Every line from the one with "Autores chilenos - Mistral, Gabriela" up to and including the one with "В ходе мероприятия" is to be output exactly as it appears below; pictures are not.
──────────────────────────────
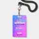 Néon de tendência brilha no escuro azul-claro, névoa vibrante e colorido Doce, 16 festas em convite com o crachá de acesso de passagem VIP.
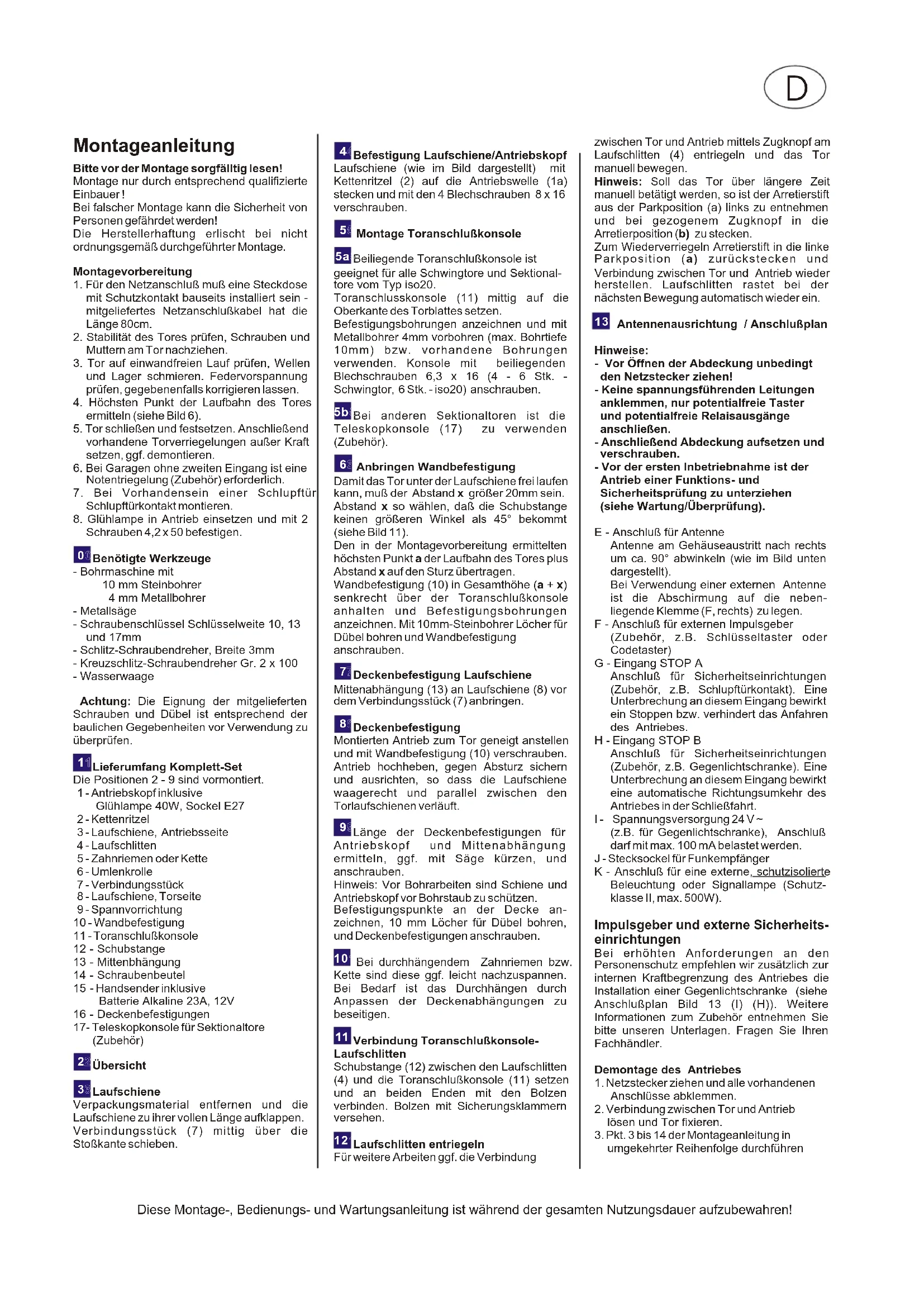 3 sec.Befestigung Laufschiene/AntriebskopfLaufschiene (wie im Bild dargestellt) mit Kettenritzel (2) auf die Antriebswelle (1a) stecken und mit den 4 Blechschrauben 8 x 16 verschrauben. Montage Toranschlußkonsole Beiliegende Toranschlußkonsole ist geeignet für alle Schwingtore und Sektional-tore vom Typ iso20. Toranschlusskonsole (11) mittig auf die Oberkante des Torblattes setzen.Befestigungsbohrungen anzeichnen und mit Metallbohrer 4mm vorbohren (max. Bohrtiefe 10mm) bzw. vorhandene Bohrungen verwenden. Konsole mit beiliegenden Blechschrauben 6,3 x 16 (4 - 6 Stk. - Schwingtor, 6 Stk. - iso20) anschrauben. Bei anderen Sektionaltoren ist die Teleskopkonsole (17) zu verwenden (Zubehör). Anbringen WandbefestigungDamit das Tor unter der Laufschiene frei laufen kann, muß der Abstand x größer 20mm sein. Abstand x so wählen, daß die Schubstange keinen größeren Winkel als 45° bekommt (siehe Bild 11).Den in der Montagevorbereitung ermittelten höchsten Punkt a der Laufbahn des Tores plus Abstand x auf den Sturz übertragen.Wandbefestigung (10) in Gesamthöhe (a + x) senkrecht über der Toranschlußkonsole anhalten und Befestigungsbohrungen anzeichnen. Mit 10mm-Steinbohrer Löcher für Dübel bohren und Wandbefestigunganschrauben. Deckenbefestigung LaufschieneMittenabhängung (13) an Laufschiene (8) vor dem Verbindungsstück (7) anbringen. DeckenbefestigungMontierten Antrieb zum Tor geneigt anstellen und mit Wandbefestigung (10) verschrauben. Antrieb hochheben, gegen Absturz sichern und ausrichten, so dass die Laufschiene waagerecht und parallel zwischen den Torlaufschienen verläuft. Länge der Deckenbefestigungen für Antriebskopf und Mittenabhängung ermitteln, ggf. mit Säge kürzen, und anschrauben. Hinweis: Vor Bohrarbeiten sind Schiene und Antriebskopf vor Bohrstaub zu schützen.Befestigungspunkte an der Decke an- zeichnen, 10 mm Löcher für Dübel bohren, und Deckenbefestigungen anschrauben. Bei durchhängendem Zahnriemen bzw. Kette sind diese ggf. leicht nachzuspannen. Bei Bedarf ist das Durchhängen durch Anpassen der Deckenabhängungen zu beseitigen. Verbindung Toranschlußkonsole- LaufschlittenSchubstange (12) zwischen den Laufschlitten (4) und die Toranschlußkonsole (11) setzen und an beiden Enden mit den Bolzen verbinden. Bolzen mit Sicherungsklammern versehen. Laufschlitten entriegelnFür weitere Arbeiten ggf. die VerbindungBitte vor der Montage sorgfälltig lesen! Montage nur durch entsprechend qualifizierte Einbauer !Bei falscher Montage kann die Sicherheit von Personen gefährdet werden! Die Herstellerhaftung erlischt bei nicht ordnungsgemäß durchgeführter Montage.Montagevorbereitung1. Für den Netzanschluß muß eine Steckdose mit Schutzkontakt bauseits installiert sein - mitgeliefertes Netzanschlußkabel hat die Länge 80cm.2. Stabilität des Tores prüfen, Schrauben und Muttern am Tor nachziehen.3. Tor auf einwandfreien Lauf prüfen, Wellen und Lager schmieren. Federvorspannung prüfen, gegebenenfalls korrigieren lassen.4. Höchsten Punkt der Laufbahn des Tores ermitteln (siehe Bild 6).5. Tor schließen und festsetzen. Anschließend vorhandene Torverriegelungen außer Kraft setzen, ggf. demontieren.6. Bei Garagen ohne zweiten Eingang ist eine Notentriegelung (Zubehör) erforderlich. 7. Bei Vorhandensein einer Schlupftür Schlupftürkontakt montieren.8. Glühlampe in Antrieb einsetzen und mit 2 Schrauben 4,2 x 50 befestigen. Benötigte Werkzeuge- Bohrmaschine mit 10 mm Steinbohrer 4 mm Metallbohrer- Metallsäge- Schraubenschlüssel Schlüsselweite 10, 13 und 17mm- Schlitz-Schraubendreher, Breite 3mm- Kreuzschlitz-Schraubendreher Gr. 2 x 100- Wasserwaage Achtung: Die Eignung der mitgelieferten Schrauben und Dübel ist entsprechend der baulichen Gegebenheiten vor Verwendung zu überprüfen. Lieferumfang Komplett-SetDie Positionen 2 - 9 sind vormontiert. 1 - Antriebskopf inklusive Glühlampe 40W, Sockel E27 2 - Kettenritzel 3 - Laufschiene, Antriebsseite 4 - Laufschlitten 5 - Zahnriemen oder Kette 6 - Umlenkrolle 7 - Verbindungsstück 8 - Laufschiene, Torseite 9 - Spannvorrichtung10 - Wandbefestigung11 - Toranschlußkonsole12 - Schubstange13 - Mittenbhängung14 - Schraubenbeutel15 - Handsender inklusive Batterie Alkaline 23A, 12V16 - Deckenbefestigungen17- Teleskopkonsole für Sektionaltore (Zubehör) Übersicht LaufschieneVerpackungsmaterial entfernen und die Laufschiene zu ihrer vollen Länge aufklappen.Verbindungsstück (7) mittig über die Stoßkante schieben.
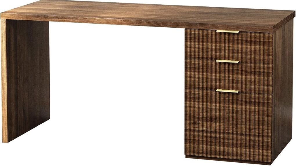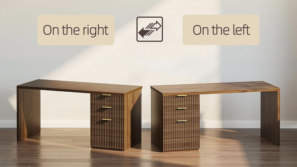 I did only an unboxing for this executive desk with drawers, so it needs to be put together. The 3 drawers can be placed on either side. Great for an office or in a bedroom.
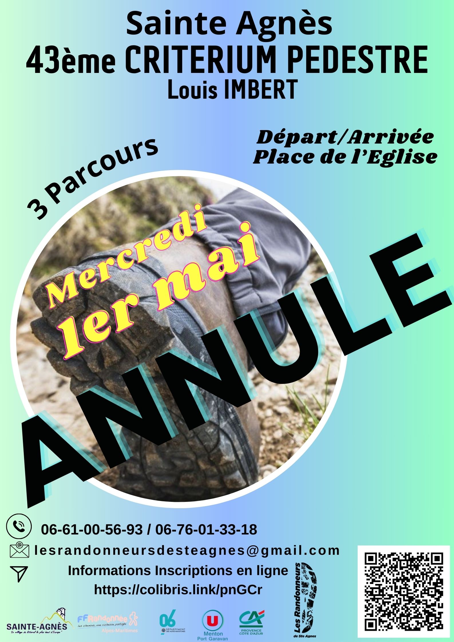 En raison du mauvais temps annoncé mercredi 1er mai, nous sommes contraints d'annuler le 43ème Critérium de Sainte Agnès
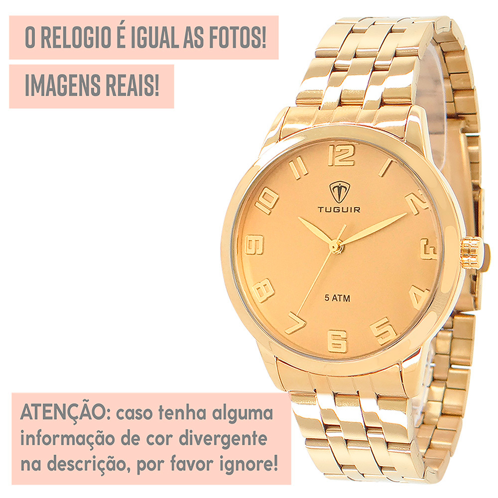 Relógio Feminino Dourado Tuguir Com garantia de 1 ano Original Prova D'água
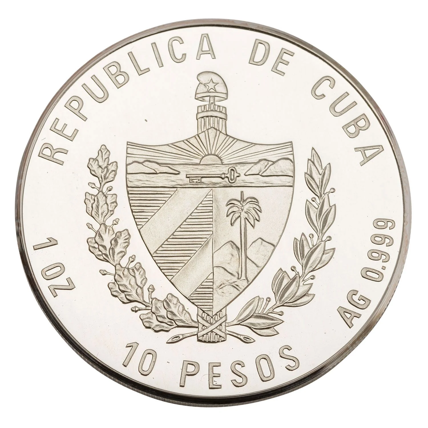 Cuban National Arms, country name curved above, face value below, weight and fineness at sides.
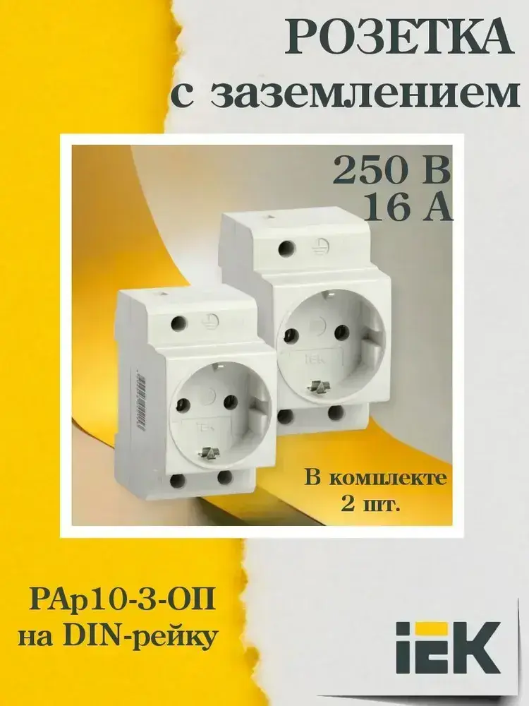 (MRD10-16-2, КОМПЛЕКТ 2 шт.) Розетка силовая РАр10-3-ОП с заземл. на DIN-рейку IEK 1065413058.VE24RU1
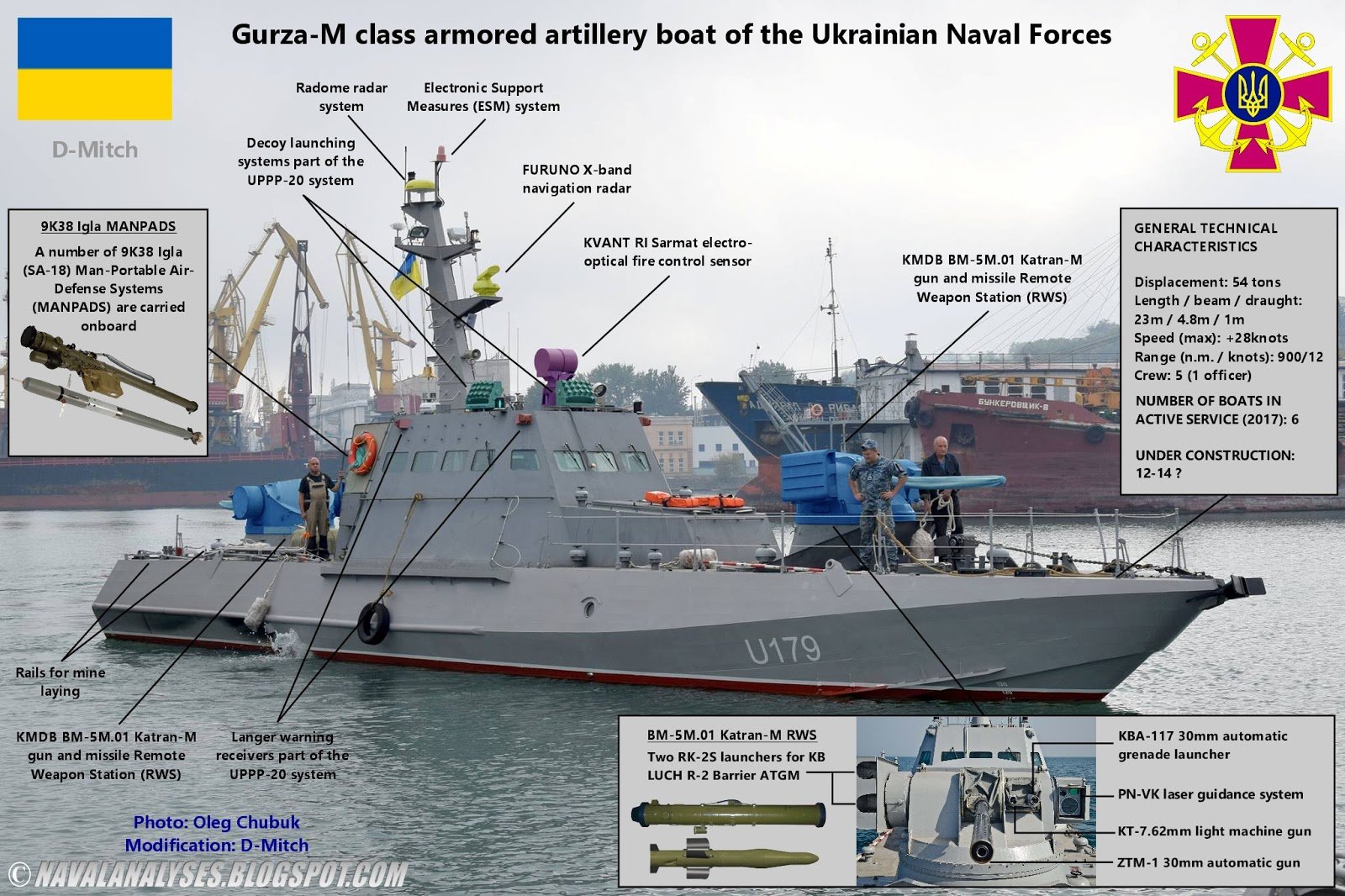 Krom nákupu šestnácti nových amerických člunů typu Mark VI, pracují na Ukrajině rovněž na menších člunech třídy Gjurza-M. Dva z nich, Nikopol a Berďansk, byly v Kerčském průlivu v roce 2018 zajaty společně s remorkérem Jany Kapu. Na podzim 2019 je Rusové vrátili, leč v dezolátním stavu a oprava zabere nějaký čas. Doposud bylo postaveno celkem sedm člunů třídy Gjurza-M a v plánu je celkem dvacet. Výzbroj tvoří zbraňové stanice KAU-30M s kanony ZTM-1 ráže 30 mm a spřaženými granátomety i kulomety. Je možné je osadit řízenými střelami Barrier. Byť Ukrajina přišla o většinu infrastruktury potřebné ke stavbě a opravám válečných lodí, zaměřují se na stavbu civilních plavidel a výhledově i větších jednotek. Konkrétně jde o čtyři víceúčelové korvety, přičemž první se má jmenovat Volodymyr Velykyj, na počest vládce Kyjevské Rusi z přelomu desátého a jedenáctého století. Celkové náklady za výstavbu čtyř korvet třídy Volodymyr Velykyj se nyní odhadují na dvě miliardy dolarů. Stavba probíhá od roku 2011 a v červenci 2019 bylo dokončeno 80 % trupu a třetina korvety jako celku, leč dle posledních zpráv není dokončení stavby prioritou. Do roku 2022 se proto nepočítá s pokračováním stavby a preferován je nákup hotových lodí a zejména opravy stávajících. V roce 2018 nabídly Spojené státy Ukrajině dvě z pěti svých vyřazených fregat třídy Oliver Hazard Perry, leč vzhledem k nákladům na samotnou reaktivaci lodí, nebude z ukrajinské strany zájem ani v budoucnu.
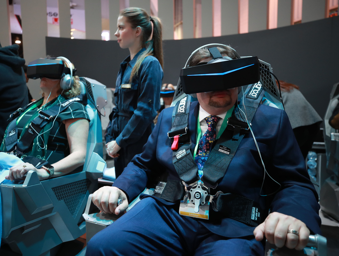 세계 최대 가전·정보기술(IT) 전시회 'CES(Consumer Electronics Show) 2020'가 개막한 7일(현지시간) 미국 네바다주 라스베이거스 컨벤션센터 현대자동차 부스에서 관람객들이 개인용 비행체(PAV) 콘셉트 'S-A1'을 VR로 체험하고 있다.
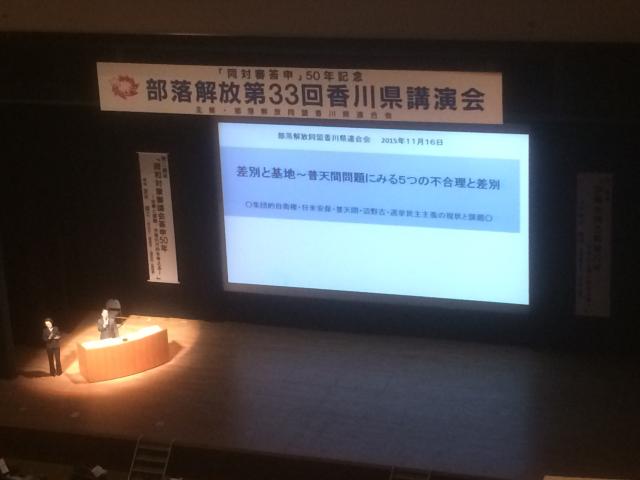 11月16日(月)、アルファあなぶきホールで、部落解放第33回香川県講演会が開かれました。
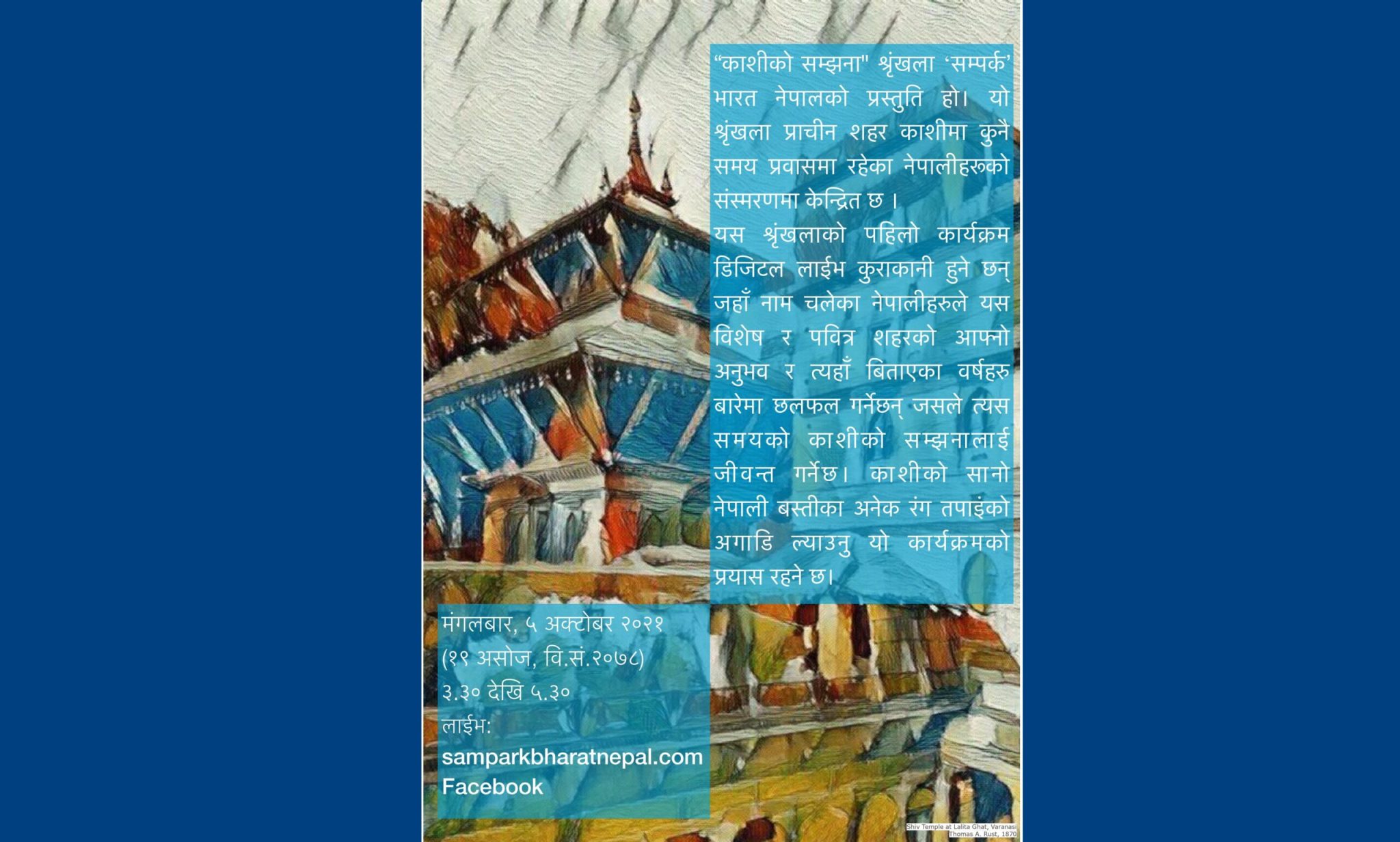 काठमाडौँ– ‘सम्पर्क भारत नेपाल’ले काशी-प्रवासमा रहेका नेपालीहरूको सम्झनामा ‘काशीको सम्झना’ कार्यक्रम गर्ने भएको…
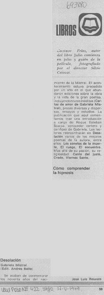Autores chilenos - Mistral, Gabriela - Desolación - Tordman, Gilbert - Cómo comprender la hipnosis
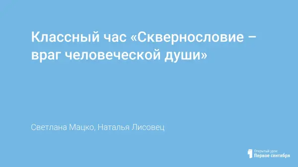 В ходе мероприятия рассмотрены духовные корни матерных слов, их влияние на воду, эксперименты с семенами растений. Классный час доказывает подросткам, что матерная брань – это духовная болезнь человека. Цель: заинтересовать студентов духовным поиском, направить их в русло добра, любви, человечности, скромности и деликатности; ориентировать на общечеловеческие ценности; развивать речь.
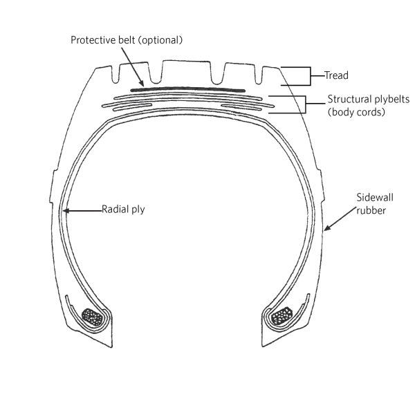 Figure 10-1-1. Cross-sectional representation of a heavy vehicle radial-ply tyre
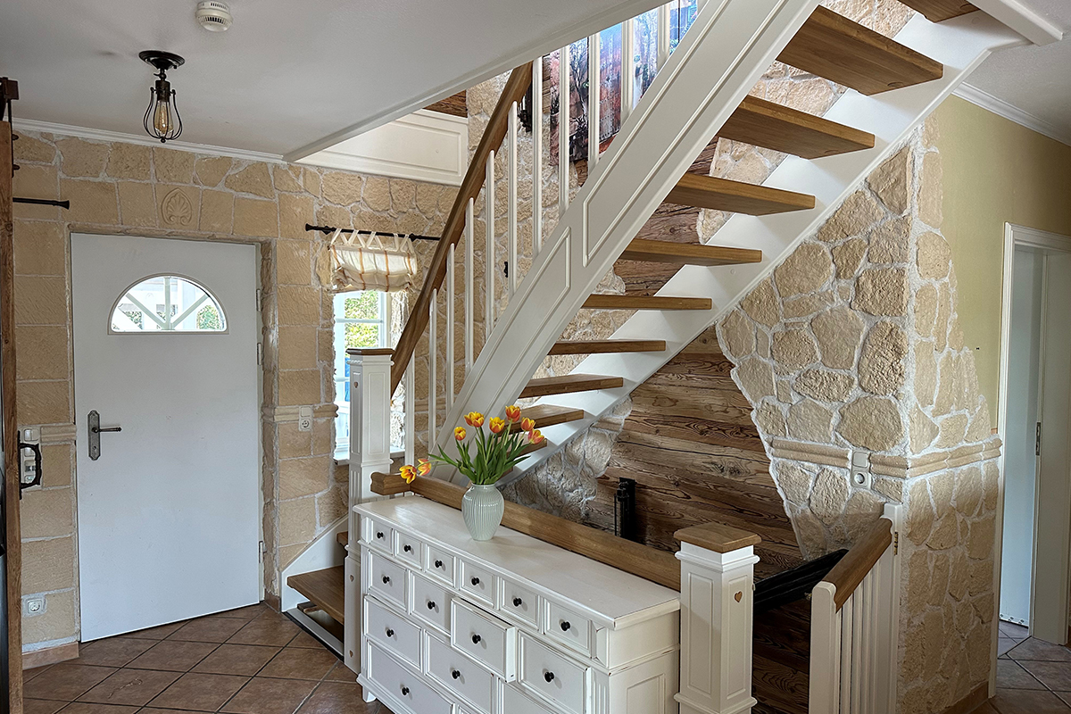 Cote Mur reușește să creeze un fundal rafinat pentru spațiile de trecere, cum sunt holurile sau scările interioare. Combinația dintre piatra decorativă și lemnul cald, așa cum se vede adesea în pardoseli sau trepte, redă atmosfera caselor din Provența, unde fiecare detaliu transmite confort și eleganță rustică.
──────────────────────────────
[Result below]
Autores chilenos - Mistral, Gabriela - Desolación - Tordman, Gilbert - Cómo comprender la hipnosis
 В ходе мероприятия рассмотрены духовные корни матерных слов, их влияние на воду, эксперименты с семенами растений. Классный час доказывает подросткам, что матерная брань – это духовная болезнь человека. Цель: заинтересовать студентов духовным поиском, направить их в русло добра, любви, человечности, скромности и деликатности; ориентировать на общечеловеческие ценности; развивать речь.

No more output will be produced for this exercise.